● Activity
Please produce a character-exact copy of the listing that follows, omitting all images.

● Supplied data
- - -
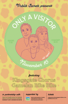 To celebrate their residency at the Hadden Park Fieldhouse, art collective Publik Secrets presents a concert of new music featuring the art pop quintet Only A Visitor in collaboration with the Kingsgate Chorus. Joining the evening is Gamelan Bike Bike, a Balinese gamelan inspired ensemble that uses recycled bicycles as their instruments.
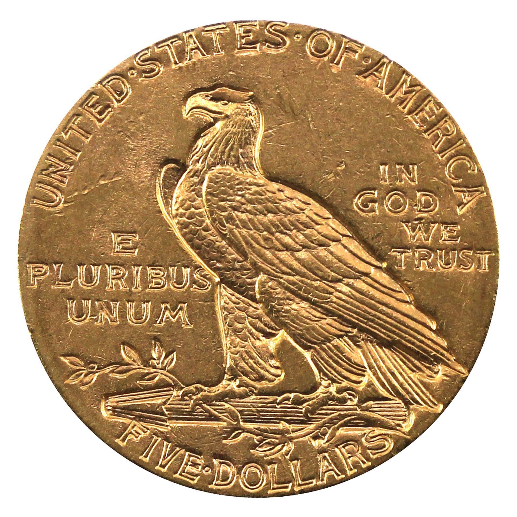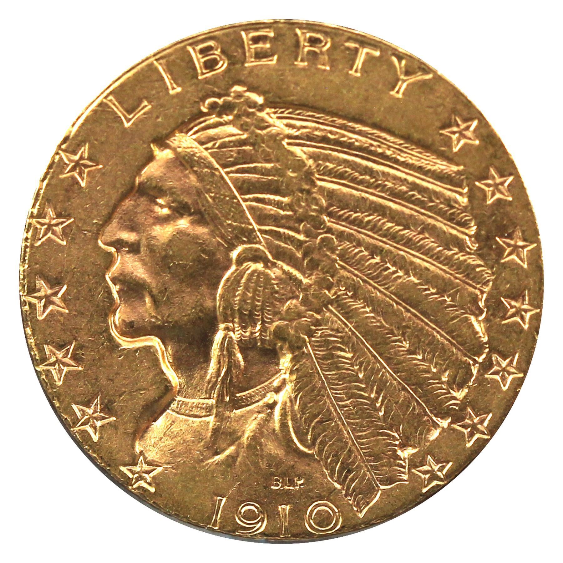 United States 1910 $5 Gold Indian Head Half Eagle in Extra Fine condition. (coin is .900 Pure and contains 0.242 oz)
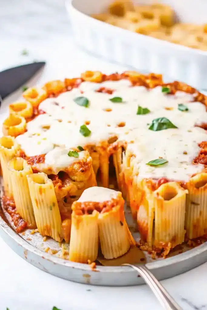 But here’s the thing—it’s not just Instagram bait. The vertical pasta situation actually serves a purpose. Each rigatoni tube becomes a little vessel for sauce and cheese, and when you bake it, the tops get crispy while the insides stay saucy. You get texture contrast in every single bite, which regular baked pasta just can’t deliver.
- - -
● Expected answer
 To celebrate their residency at the Hadden Park Fieldhouse, art collective Publik Secrets presents a concert of new music featuring the art pop quintet Only A Visitor in collaboration with the Kingsgate Chorus. Joining the evening is Gamelan Bike Bike, a Balinese gamelan inspired ensemble that uses recycled bicycles as their instruments.
 United States 1910 $5 Gold Indian Head Half Eagle in Extra Fine condition. (coin is .900 Pure and contains 0.242 oz)
 But here’s the thing—it’s not just Instagram bait. The vertical pasta situation actually serves a purpose. Each rigatoni tube becomes a little vessel for sauce and cheese, and when you bake it, the tops get crispy while the insides stay saucy. You get texture contrast in every single bite, which regular baked pasta just can’t deliver.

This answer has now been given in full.